Do not think that this situation has developed solely due to quarantine - sooner or later it would have happened. In the current circumstances, it seems to have pushed you. Be sure to tell yourself, no matter how painful it may be: "Now I have time to go through everything, and there is life ahead to find my man!" Remember - no matter how old you are, if you are alive, then there is still every chance. Yes, on the one hand it is unpleasant, but on the other hand, you have the opportunity to live the life that you really want to have, and it is with the person you want to see next to you (with the same values, with some similar interests and etc.).

  1. Another part of the people found themselves alone during the quarantine period. Previously, when they lived a full social life, went to work, talked with colleagues and friends, it was possible to deny some feeling of loneliness, force it out, hide it under the rug, but now they had to face an unpleasant feeling one-on-one and admit - “Yes, I need a person next to me! More adequate profiles have appeared on dating sites, and you should not be ashamed - try to find a match for yourself, this is a really important and necessary need. If it hurts and hurts you, it is better to understand (if it is very difficult for you, consult a therapist).

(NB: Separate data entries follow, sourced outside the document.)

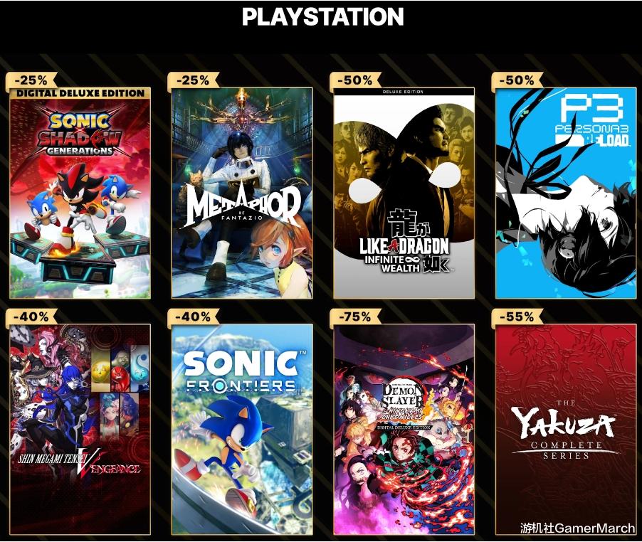 除了《暗喻幻想》之外,世嘉的经典高速动作游戏《索尼克×夏特世代重启》也首次加入促销行列。这款游戏让玩家有机会以更优惠的价格体验索尼克与夏特的冒险故事。同时,其他多款人气作品如《人中之龙8》豪华版套装、《人中之龙 维新!极》数字豪华版等也在促销行列中。
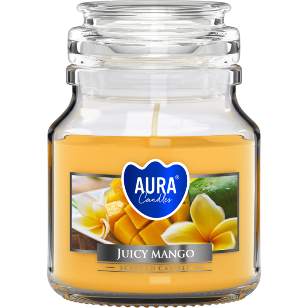 Mała świeca zapachowa Soczyste mango marki AURA to eksplozja tropikalnej świeżości ananasa i dojrzałego mango z delikatnym, zielonym akcentem. Owocowe serce z nutą truskawki nadaje kompozycji słodyczy i lekkości. Całość otula kremowa wanilia, tworząc apetyczny i radosny aromat.
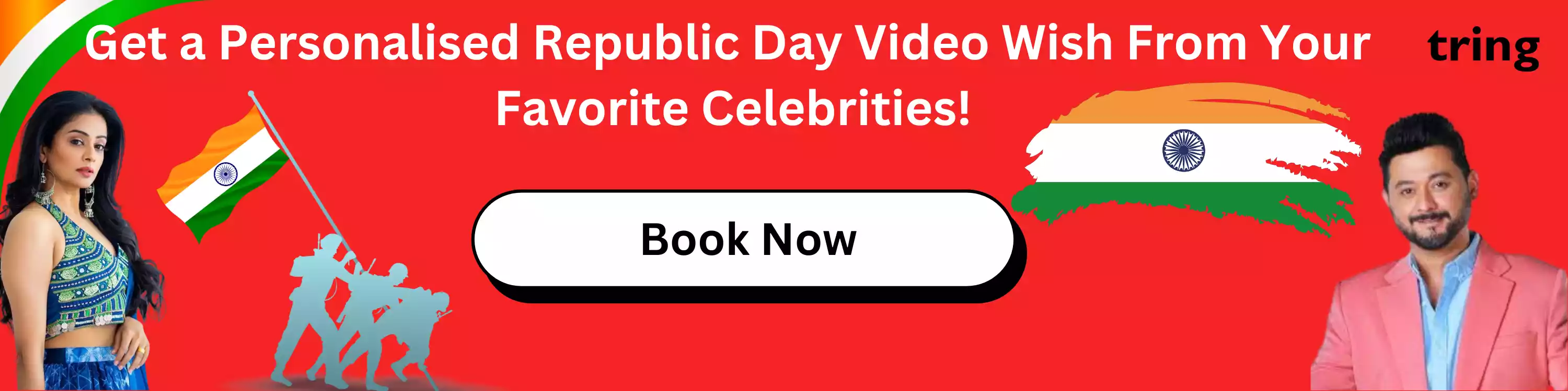 તહેવારો દરમિયાન પરિવારો ખુશી, હાસ્ય અને ઉજવણીથી ભરેલી પ્રિય યાદો બનાવવા માટે એક સાથે જોડાય છે. તમારી ઉજવણીને ખાસ સ્પર્શ આપવા માટે તમારા મનપસંદ સેલિબ્રિટી દ્વારા તમને વ્યક્તિગત વીડિયો સંદેશ મોકલવા વિશે વિચારો. ટ્રિંગમાં 12,000 થી વધુ હસ્તીઓમાંથી પસંદ કરવા માટે, તમારો તહેવાર વધુ ઉત્તેજક હશે!

  2. Quarantine strips away our masks - and here we are talking not only about ourselves, but also about our environment. How have others helped you cope with difficult emotions, financial turmoil, or even the loss of loved ones? During this period, you could more clearly and clearly notice who your loved one is by spirit, and who can be related only by blood. Perhaps the one you thought was a friend did not show himself so in quarantine. However, there is no need to hang labels and “put an end” on a person - it could be much more difficult for him than for you, because none of us knows who and how life situations are living. Someone is sensitive to any little thing, and someone easily copes with difficult problems - and we cannot compare it, each of us is difficult in our body. Maybe over time you will still be able to connect with your friends and your surroundings, even if now you are deeply disappointed.

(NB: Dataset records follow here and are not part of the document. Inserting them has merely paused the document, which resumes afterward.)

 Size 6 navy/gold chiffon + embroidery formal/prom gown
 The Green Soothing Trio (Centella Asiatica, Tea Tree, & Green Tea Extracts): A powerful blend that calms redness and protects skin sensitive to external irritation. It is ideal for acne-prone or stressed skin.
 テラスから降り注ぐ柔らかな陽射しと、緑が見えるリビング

Quarantine, like any other crisis, highlights what has long needed to be changed. But like any other crisis, this allows us to change inside, to be reborn like a phoenix, to become better, to effectively use the experience and wisdom gained in our future life.

Believe in the best, work on yourself, turn to therapy - so you can get out of the crisis much easier and more calmly, with a minimum of losses. At the same time, do not be afraid to change jobs, part with a partner, find new relationships. Your psyche will gradually move towards better changes, but do not immediately expect huge results.

Many did not "fall" into the crisis due to the fact that they worked on themselves, so invest first of all in yourself and further, you will have a feeling of stability no matter what is happening around!